Information supplied:
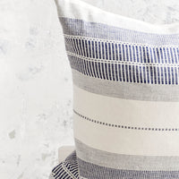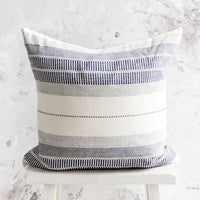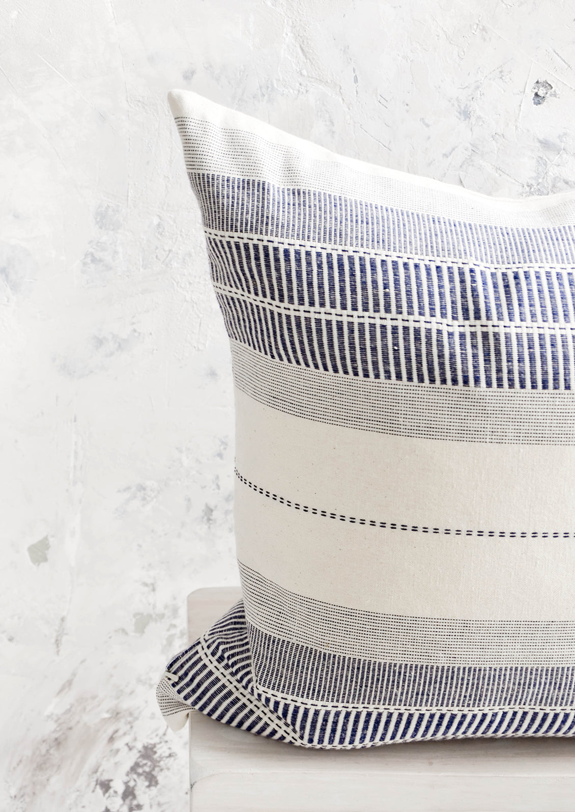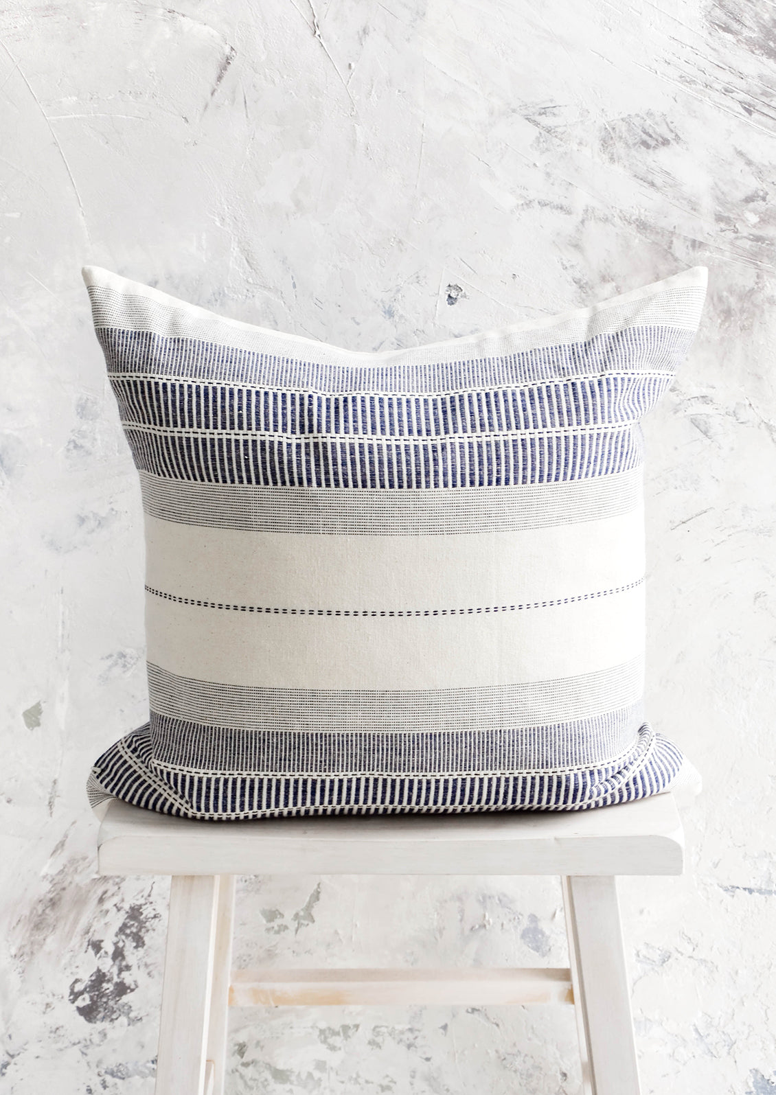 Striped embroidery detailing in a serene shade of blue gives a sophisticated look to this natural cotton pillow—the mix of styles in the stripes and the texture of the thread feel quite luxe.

* * *

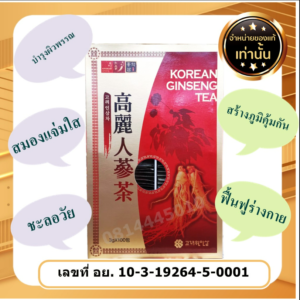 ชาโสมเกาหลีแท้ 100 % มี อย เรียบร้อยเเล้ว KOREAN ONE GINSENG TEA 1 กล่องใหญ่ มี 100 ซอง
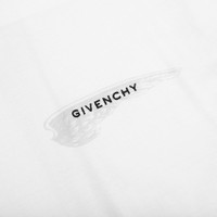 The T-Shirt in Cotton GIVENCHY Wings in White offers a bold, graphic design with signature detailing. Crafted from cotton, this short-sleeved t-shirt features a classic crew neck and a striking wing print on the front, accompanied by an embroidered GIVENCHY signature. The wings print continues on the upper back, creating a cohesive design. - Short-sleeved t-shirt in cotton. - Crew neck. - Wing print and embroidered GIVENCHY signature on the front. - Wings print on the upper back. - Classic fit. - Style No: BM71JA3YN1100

Problem description:
Reproduce the entries exactly, from the line with "ชาโสมเกาหลีแท้ 100 %" to the line with "The T-Shirt in", both lines included, keeping no pictures.

Expected answer:
 ชาโสมเกาหลีแท้ 100 % มี อย เรียบร้อยเเล้ว KOREAN ONE GINSENG TEA 1 กล่องใหญ่ มี 100 ซอง
 The T-Shirt in Cotton GIVENCHY Wings in White offers a bold, graphic design with signature detailing. Crafted from cotton, this short-sleeved t-shirt features a classic crew neck and a striking wing print on the front, accompanied by an embroidered GIVENCHY signature. The wings print continues on the upper back, creating a cohesive design. - Short-sleeved t-shirt in cotton. - Crew neck. - Wing print and embroidered GIVENCHY signature on the front. - Wings print on the upper back. - Classic fit. - Style No: BM71JA3YN1100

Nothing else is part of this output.